EN MI OPINIÓN / SENTENCIA EN EL CASO DIGNA OCHOA

Por Arturo Rubio Ruiz

 

El 25 de noviembre de 2021, la Corte Interamericana de Derechos Humanos emitió sentencia en el Caso Digna Ochoa y familiares contra México, concluyendo un procedimiento contra México, por irregularidades graves en la investigación del asesinato de la defensora de derechos humanos: Digna Ochoa y Plácido, el 19 de octubre de 2001, inserta en un contexto de hostigamientos y ataques en contra de personas defensoras de derechos humanos en México.

El Estado Mexicano fue encontrado responsable por la violación de los derechos a la protección judicial y a las garantías judiciales, así como del derecho a la integridad personal en perjuicio de los familiares de Digna Ochoa y Plácido.

En la sentencia, se condena al Estado Mexicano a: Investigar y en su caso juzgar y sancionar a los responsables del asesinato de Digna Ochoa. Realizar un acto publico de reconocimiento de responsabilidad internacional, y publicar la sentencia.

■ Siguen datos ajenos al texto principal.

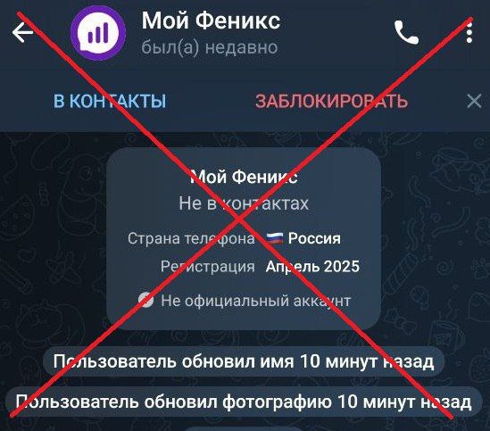 Кроме того, обращайте внимание на ссылки, по которым переходите. Наш бот "Мой Феникс" доступен только здесь - @myphoenix_botЛюбые другие комбинации букв и символов - подделка.

Crear un reconocimiento con el nombre “Digna Ochoa y Plácido”, y poner su nombre a una calle en su natal Misantla, Veracruz, y en CDMX.

Diseñar e implementar una campaña, reconociendo la labor de los defensores(as) de los derechos humanos. Elaborar un plan de fortalecimiento calendarizado del “Mecanismo de Protección para Personas Defensoras de Derechos Humanos y Periodistas”.

Reformar la Constitución para dotar de autonomía e independencia a los servicios periciales. Crear e implementar “Mecanismo de Protección de Testigos que intervengan en el Procedimiento Penal”.

Elaborar, presentar e impulsar iniciativa de reforma a la “Ley Federal Para la Protección a Personas que intervienen en el Procedimiento Penal” para que incluya los parámetros y estándares internacionales sobre la materia para la creación y operación efectiva de un Mecanismo de Protección a Testigos.

Crear e implementar a nivel federal un protocolo específico y especializado para la investigación de ataques contra defensores(as) de derechos humanos, incluyendo un plan de capacitación del personal de investigación sobre el protocolo referido en el punto resolutivo anterior, así como la creación de un sistema de indicadores que permitan medir su efectividad

Pagar 385 mil USD, por concepto de indemnización por daño material e inmaterial, a los padres y hermanos de la víctima; reintegrar gastos y costas y cubrir al Fondo de Asistencia Legal de Víctimas de la Corte Interamericana de Derechos Humanos la cantidad erogada durante la tramitación del juicio.

En un año, informar sobre las medidas adoptadas para cumplir la sentencia.

Entre los puntos más relevantes de la sentencia, destaca la concepción del daño material e inmaterial, cuyos parámetros obligan al Estado Mexicano a la adecuación y armonización de su legislación interna. Sobre el particular, la Suprema Corte de Justicia de la Nación habrá de redefinir la concepción de la llamada reparación integral del daño, ajustándola a los lineamientos establecidos por la Corte Interamericana de Derechos Humanos.

Destaca también la obligación de dotar de independencia y autonomía a los servicios periciales en el ámbito forense, para romper la cadena de dependencia, subordinación y alineación que actualmente existe entre quien emite una pericia, y el órgano investigador y persecutor del Estado.

Finalmente, en la sentencia se destaca el señalamiento del Relator Especial sobre la situación de personas defensoras de derechos humanos, que tras su visita a México en 2017 apuntó que pese a que se han logrado ciertos progresos, el nivel de violencia en México sigue siendo alarmantemente alto, lo cual afecta a la población en general, e indicó que la mayoría de los(as) defensores(as) de derechos humanos con los que se había reunido durante su visita confirmaron que habían sido víctimas de actos de intimidación, acoso y estigmatización a manos de agentes estatales y no estatales en represalia por su labor de defensa de los derechos humanos, aunado al alto nivel de impunidad que impera sobre estos crímenes.